For vertical display, the flag was made with the distinct difference of having the hammer and sickle rotated 90 degrees in order to compensate for the change in dimensions. Although common in official practice, a typical flag owner would simply turn a standard design flag 90 degrees to the right and hang it by the hoist (not flipped like in the US flag).

==History==
During the establishment of the Russian Soviet Federative Socialist Republic, Vladimir Lenin and his followers had considered the inclusion of a sword symbol in addition to the hammer and sickle as part of the state seal on which the flag was eventually based. The idea was dismissed as too visually aggressive, with Lenin apparently affirming, "A sword is not one of our symbols."

The first official flag was adopted in December 1922 at the First Congress of Soviets of the USSR. It was agreed that the red banner "was transformed from the symbol of the Party to the symbol of a state, and around that flag gathered the peoples of the soviet republics to unite into one state — the Union of Soviet Socialist Republics". On 30 December 1922, the Congress adopted a Declaration and Agreement on the establishment of the USSR. Article 22 of the Agreement states: "The USSR has a flag, coat of arms and a state seal." The description of the first flag was given in the 1924 Soviet Constitution, accepted in the second session of the executive committee (CIK) of the USSR on 6 July 1923. The text of Article 71 states: "The state flag of the Union of Soviet Socialist Republics consists of a red or scarlet field with the state's coat of arms." It was ordered with the unusual ratio of 4:1 in proportion and consisted of a red flag with the state coat of arms in the center. However, such a flag was never mass-produced. This flag was the official flag for four months, and was replaced as the official flag by the more familiar hammer and sickle design during the third session of the CIK of the USSR on 12 November 1923.

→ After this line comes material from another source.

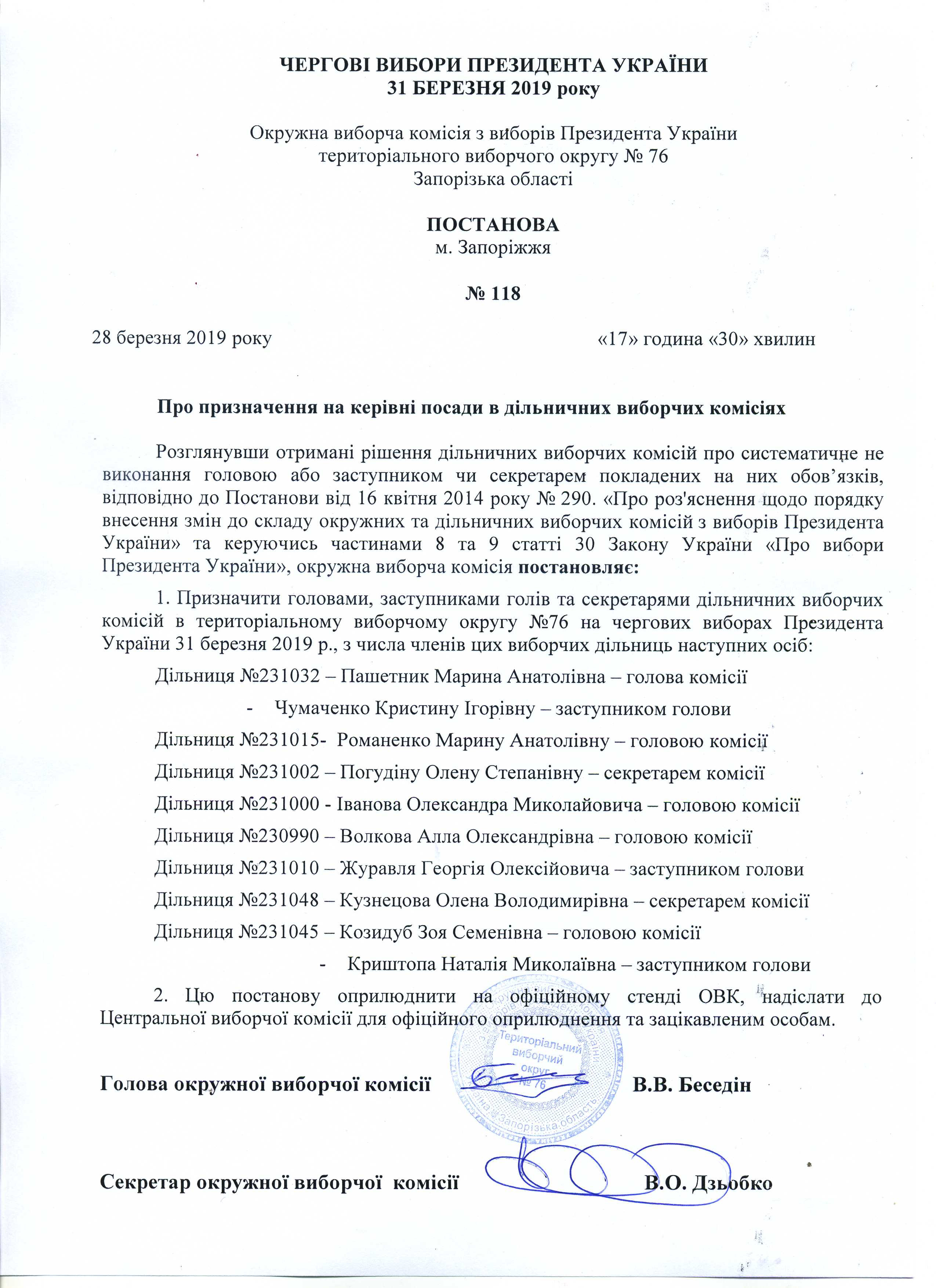 Про призначення на керівні посади в дільничних виборчих комісіях |

In the third session of the CIK of the USSR, the description of Soviet flag in the Constitution was changed, and article 71 was edited to read: "The state flag of the Union of Soviet Socialist Republics consists of a red or scarlet field, and in the canton a golden sickle and hammer, and a red five-pointed star bordered in gold above them. The ratio of width to length is 1:2." On 19 August 1955, the Statute on the State Flag of the Union of Soviet Socialist Republics was adopted by a decision of the Presidium of the Supreme Soviet of the USSR. This resulted in a change of the hammer's handle length and the shape of the sickle. On 15 August 1980, a new edition of the Statute on the State Flag of the Union of Soviet Socialist Republics was adopted, which did not make any changes to the flag's description aside from removing the hammer and sickle on the reverse side of the flag. From this point on, the flag stayed in use with this design until the disintegration of the USSR on 26 December 1991, at which time it ceased to be a national flag and replaced by national flags of the post-Soviet republics.

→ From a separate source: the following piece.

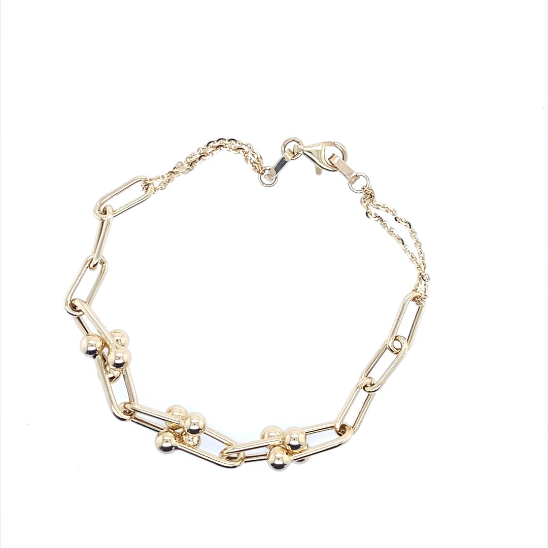 14KY Gold Fancy Links Light Weight Chain Bracelet

On 15 April 1996, Boris Yeltsin signed a presidential decree giving the Soviet flag (called the Victory Banner, after the banner that was raised above the Reichstag on 1 May 1945) status similar to that of the national flag. The hammer and sickle were removed from the flag, leaving only the star, but they were reinstated later. On certain holidays, the Victory Banner is flown along with the Russian flag.

=== Contemporary usage ===
In current times, the Soviet national flag (and similar flags) are widely used by those on the political far left, most often by those who support Marxism–Leninism, although the earlier (pre-Stalinist) flags are occasionally used by Trotskyists and those on the modern communist left.

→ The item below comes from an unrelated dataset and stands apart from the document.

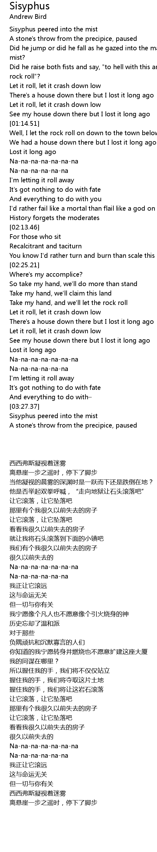 | [00:33.14] | Sisyphus peered into the mist |

The Soviet flag is also actively promoted in Russia as a symbol of nostalgia for the Soviet Union. Various politicians frequently utilize it as a symbol of the superpower status Russia lost in 1991.

Amidst the backdrop of the 2022 Russian invasion of Ukraine, the Communist Party of the Russian Federation proposed to the State Duma the adoption of the Soviet flag as the official flag of Russia on 19 April 2022. The use of Soviet symbols including its flag became very extensive by invading Russian forces over the course of the war along with the letter "Z".

On 17 June 2023, during the celebration for the 300th anniversary of Saint Petersburg, the respective flags of the Russian Empire (Black-yellow-white flag), Soviet Union, and Russian Federation were raised simultaneously at the Gulf of Finland.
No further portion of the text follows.